November 16, 1961
HOHNSTOCK UNEMPLOYMENT COMPENSATION CASE.
Appeal, No. 264, Oct. T., 1961, by claimant, from decision of Unemployment Compensation Board of Review, No. B-63606, in re claim of Karl Hohnstock, Jr. Decision affirmed.
John P. Yatsko, for appellant.
Sydney Reuben, Assistant Attorney General, with him David Stahl, Attorney General, for Unemployment Compensation Board of Review, appellee.
Before Ervin, Wright, Woodside, Watkins, Montgomery, and Flood, JJ. (rhodes, P.j., absent).
[ 196 Pa. Super. Page 501]
OPINION BY WOODSIDE, J.
In this unemployment compensation case, the bureau, the referee and the board in turn concluded that the claimant was disqualified under the provision of § 402(e) of the Unemployment Compensation Law, 43 P.S. § 802(e).
This sub-section provides that an employe shall be ineligible for compensation for any week "In which his unemployment is due to his discharge or temporary suspension from work for willful misconduct connected with his work; ..."
The board found that the claimant had a history of unreported and unauthorized absences and that "Although work was scheduled for the claimant of December 5, 1960, he did not report for work [and when he did report] on Friday, December 9, he was discharged for his absence."
The credibility of the witnesses, the weight of their testimony, and the reasonable inferences to be drawn from it are for the board. Ristis Unemployment Compensation Case, 178 Pa. Superior Ct. 400, 403, 116 A.2d 271 (1955).
Repeated absences without good cause or without notice to the employer constitute willful misconduct
[ 196 Pa. Super. Page 502]
under § 402(e), supra. Devlin Unemployment Compensation Case, 165 Pa. Superior Ct. 153, 67 A.2d 639 (1949); Shanor Unemployment Compensation Case, 188 Pa. Superior Ct. 301, 146 A.2d 336 (1958); Soilis Unemployment Compensation Case, 192 Pa. Superior Ct. 636, 161 A.2d 634 (1960).
In this case no advance warning was given to the appellant before he was discharged. The appellant contends that an advance warning concerning the consequences of continued absences is necessary before a discharge for repeated unauthorized absences may be found to be a discharge for willful misconduct. "Willful misconduct" is established by repeated absences without good cause or without notice to the employer. While a warning by an employer, which is ignored by the employee, is relevant in that it reflects the employee's attitude to his employment, it is not a necessary element of willful misconduct for repeated unauthorized absences.
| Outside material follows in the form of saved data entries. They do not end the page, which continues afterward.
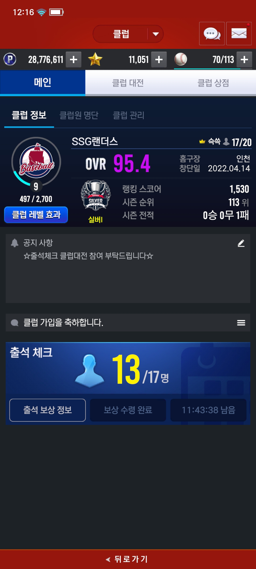 클럽 홍보 게시판 LV.9 [SSG랜더스] 클럽원 모집합니다 슥쓱 2022-12-12 12:21 77 0 공유 공유 URL 복사 페이스북 왓츠앱 카카오톡 라인 레딧 닫기 공유 0 0 댓글 0
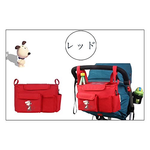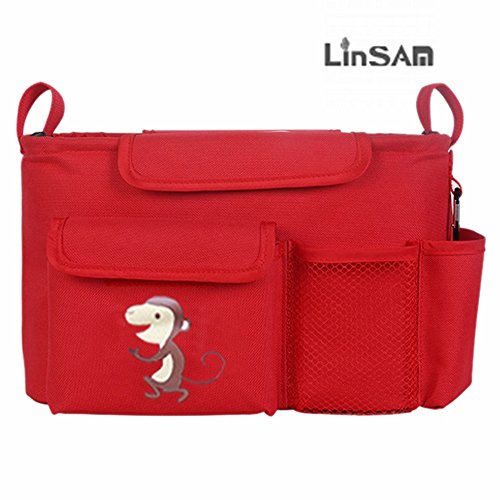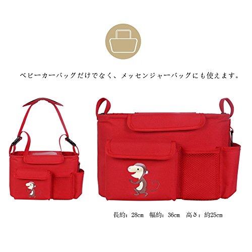 LINSAM 2way ベビーカー ドリンク ホルダー ネット バッグ 多機能小物入れ ベビーカーバッグ 収納 ベビーカー 保冷バッグ ベビーカー用バッグ 保温防滴 マザーズバッグ ストローラー ベビーカー用 収納バスケット(サル&レッド)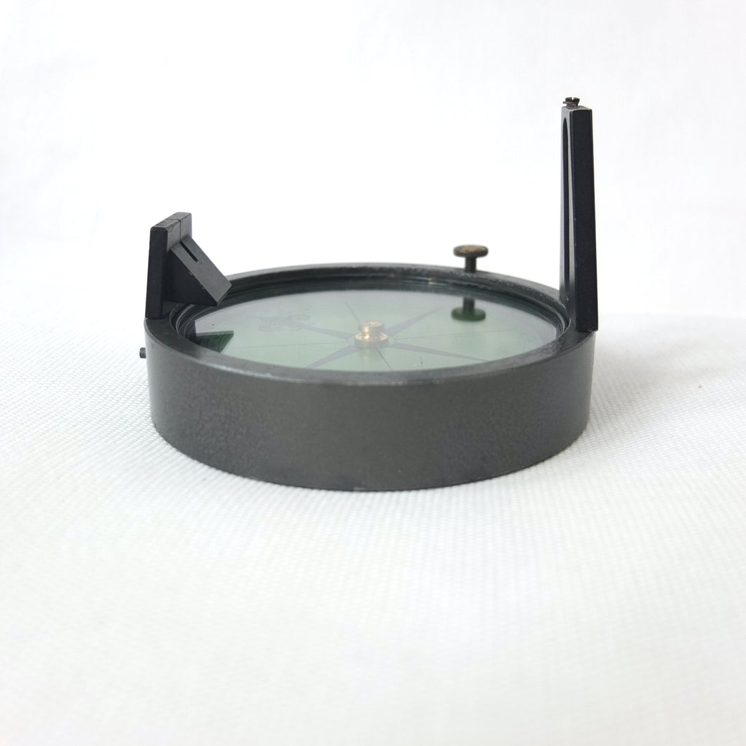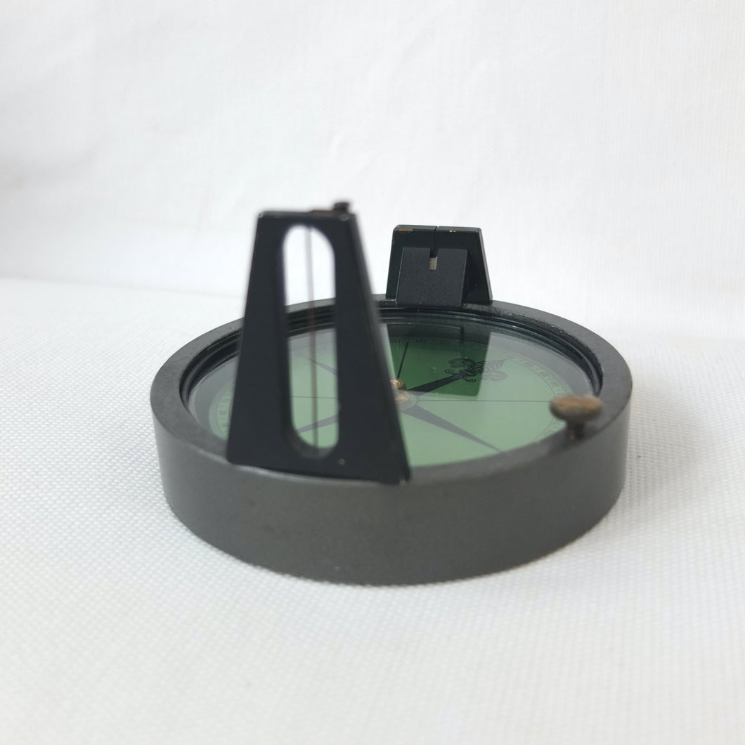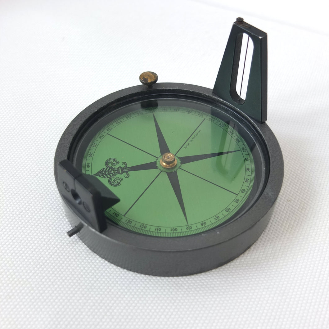 A Francis Barker prismatic compass, dating from c.1980. This compass was listed as product No. 1404 in the 1982 edition of the Francis Barker catalogue. It was described as having an 'enamel finish aluminium alloy case, with adjustable prism for focusing'. The compass has a jewelled pivot, screw-down transit lock, manual brake, height adjustable prism and sight, aluminium case, and aluminium compass card. This type of compass was first produced by Barker in the late 19th century. Although there are no maker's marks, this compass is similar to the early Barker versions, with the major differences being that the 19th century ones had a paper compass card rather than the aluminium card found in this model, and a wooden case. Details of Francis Barker compasses can be found in Paul Crespel's excellent book Trade mark London, available as a PDF at trademarklondon.com.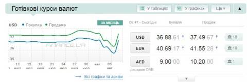 Сьогодні, 7 серпня, середній готівковий курс долара становить 37,49 гривні у продажу та 36,88 гривні в купівлі, а євро – 41,55 гривні у продажу та 40,69 гривні у купівлі.

The claimant also argues that there was no evidence to support the board's finding of willful misconduct. The evidence establishes that the claimant was absent from his employment seven days in two months. According to the claimant's own testimony, on the first day of his first three-day period of absence, the claimant's wife notified his employer that he was sick. He was absent during a second three-day period during which time his employer was not notified until the third day. He was absent another day to attend a christening and did not notify his employer of his intended absence. On December 5th, he again failed to report for work and did not notify his employer. Even if the board accepted all of his testimony as true (which it was not obligated to do, Lavely Unemployment Compensation Case, 163 Pa. Superior Ct. 66, 67, 60 A.2d 352 (1948)), the evidence supported the board's finding of willful misconduct.